Write out the line that holds "Female hands touching" together with every line that follows it to the end of the material below, exactly. Omit the pictures.

*Data for review:*
◇ ◇ ◇

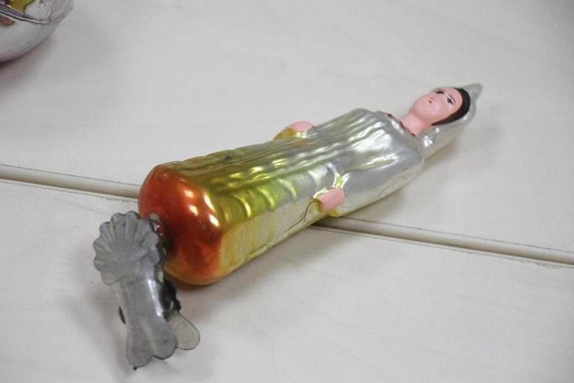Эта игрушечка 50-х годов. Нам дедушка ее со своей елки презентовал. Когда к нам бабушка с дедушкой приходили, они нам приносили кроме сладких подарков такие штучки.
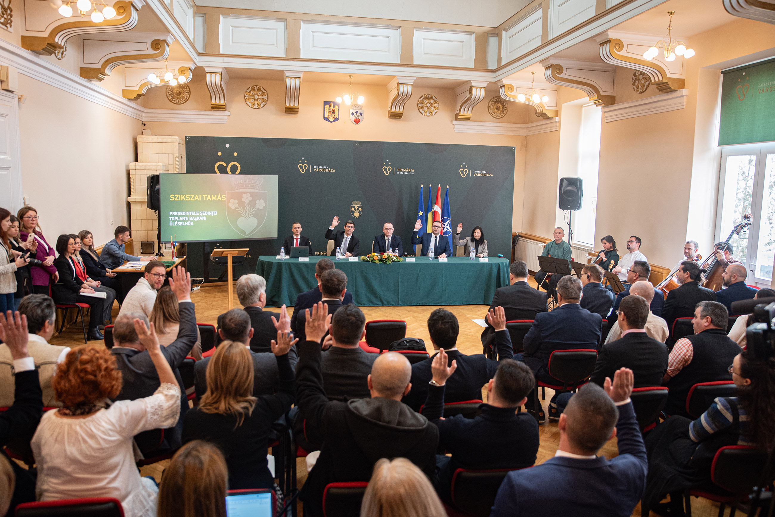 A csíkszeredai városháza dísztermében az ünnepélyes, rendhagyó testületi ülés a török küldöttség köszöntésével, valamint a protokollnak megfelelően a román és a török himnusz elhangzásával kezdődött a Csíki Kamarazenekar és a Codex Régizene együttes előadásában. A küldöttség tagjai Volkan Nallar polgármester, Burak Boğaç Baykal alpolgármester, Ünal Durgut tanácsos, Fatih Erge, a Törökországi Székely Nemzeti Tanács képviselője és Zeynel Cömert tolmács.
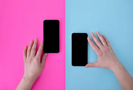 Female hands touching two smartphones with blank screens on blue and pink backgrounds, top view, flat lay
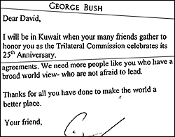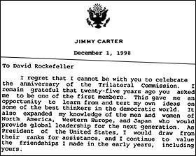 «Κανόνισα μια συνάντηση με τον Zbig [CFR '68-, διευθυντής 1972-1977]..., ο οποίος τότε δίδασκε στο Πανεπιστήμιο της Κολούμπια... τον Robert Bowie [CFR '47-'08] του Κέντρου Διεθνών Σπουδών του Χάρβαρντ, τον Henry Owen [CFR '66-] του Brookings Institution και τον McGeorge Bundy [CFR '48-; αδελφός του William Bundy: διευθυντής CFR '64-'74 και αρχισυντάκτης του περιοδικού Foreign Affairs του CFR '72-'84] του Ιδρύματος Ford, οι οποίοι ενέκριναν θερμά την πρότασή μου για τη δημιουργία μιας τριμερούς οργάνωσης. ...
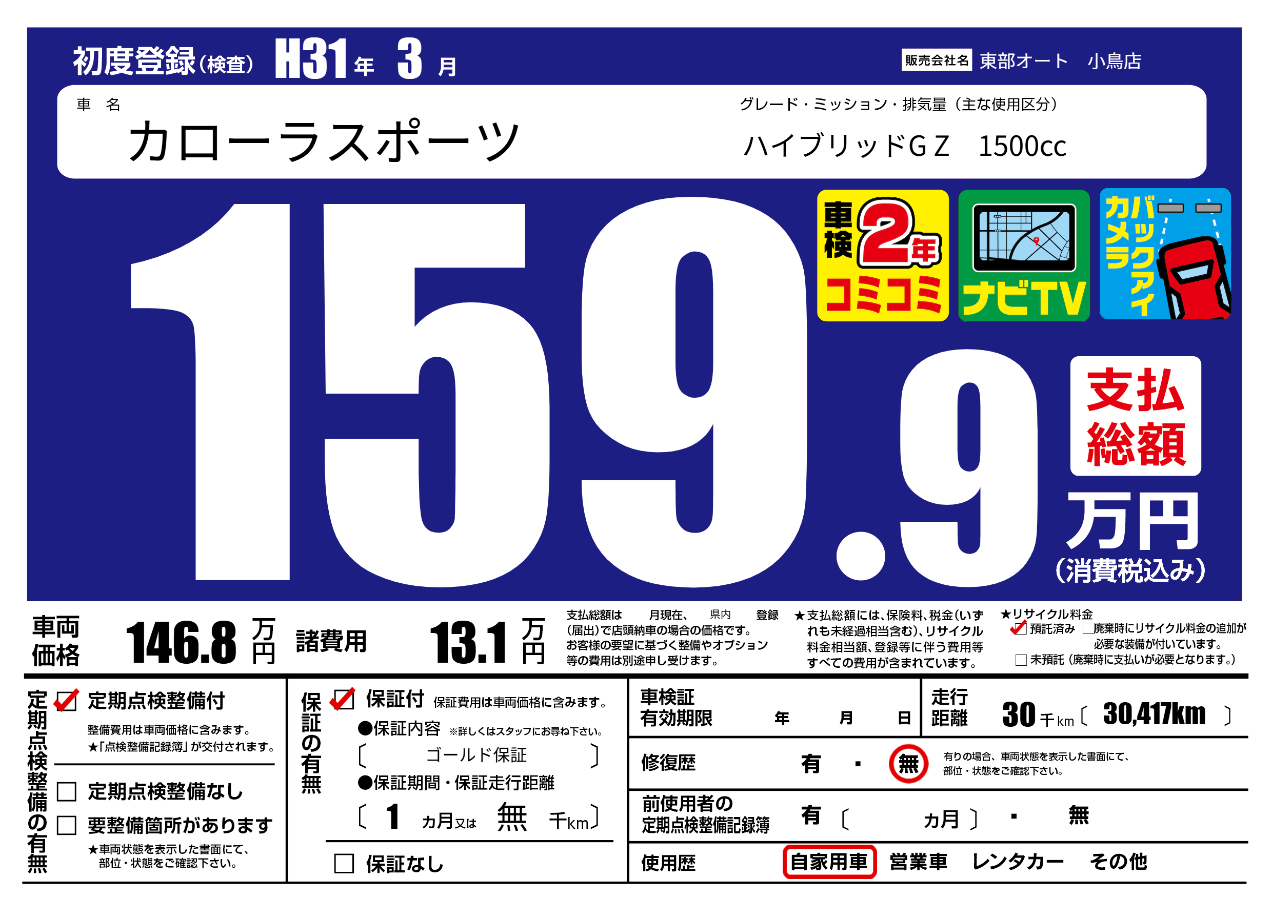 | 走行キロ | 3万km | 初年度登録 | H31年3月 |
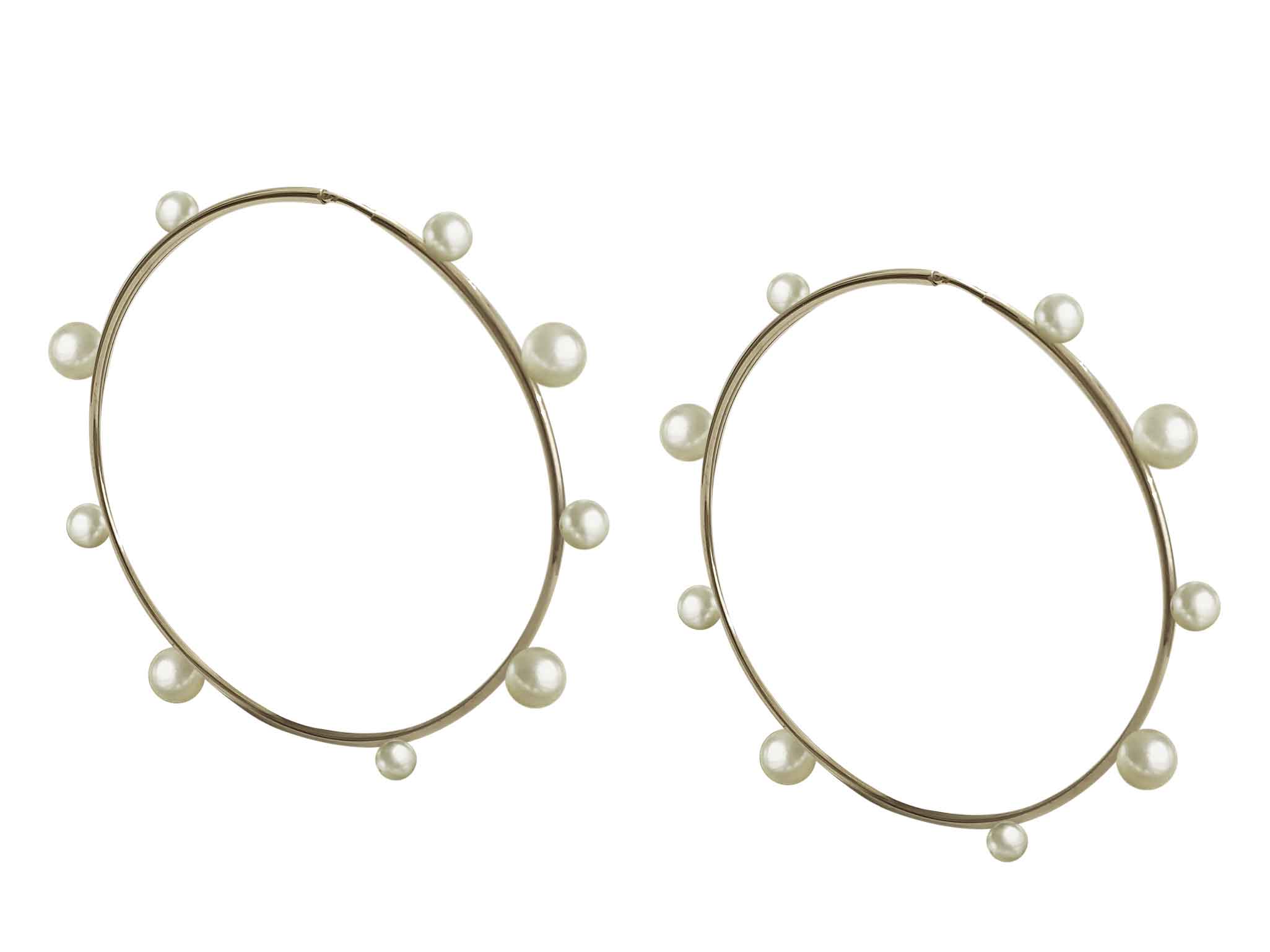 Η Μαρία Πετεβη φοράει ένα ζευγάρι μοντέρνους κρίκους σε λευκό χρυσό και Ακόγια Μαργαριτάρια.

◇ ◇ ◇

*Written solution:*
 Female hands touching two smartphones with blank screens on blue and pink backgrounds, top view, flat lay
 «Κανόνισα μια συνάντηση με τον Zbig [CFR '68-, διευθυντής 1972-1977]..., ο οποίος τότε δίδασκε στο Πανεπιστήμιο της Κολούμπια... τον Robert Bowie [CFR '47-'08] του Κέντρου Διεθνών Σπουδών του Χάρβαρντ, τον Henry Owen [CFR '66-] του Brookings Institution και τον McGeorge Bundy [CFR '48-; αδελφός του William Bundy: διευθυντής CFR '64-'74 και αρχισυντάκτης του περιοδικού Foreign Affairs του CFR '72-'84] του Ιδρύματος Ford, οι οποίοι ενέκριναν θερμά την πρότασή μου για τη δημιουργία μιας τριμερούς οργάνωσης. ...
 | 走行キロ | 3万km | 初年度登録 | H31年3月 |
 Η Μαρία Πετεβη φοράει ένα ζευγάρι μοντέρνους κρίκους σε λευκό χρυσό και Ακόγια Μαργαριτάρια.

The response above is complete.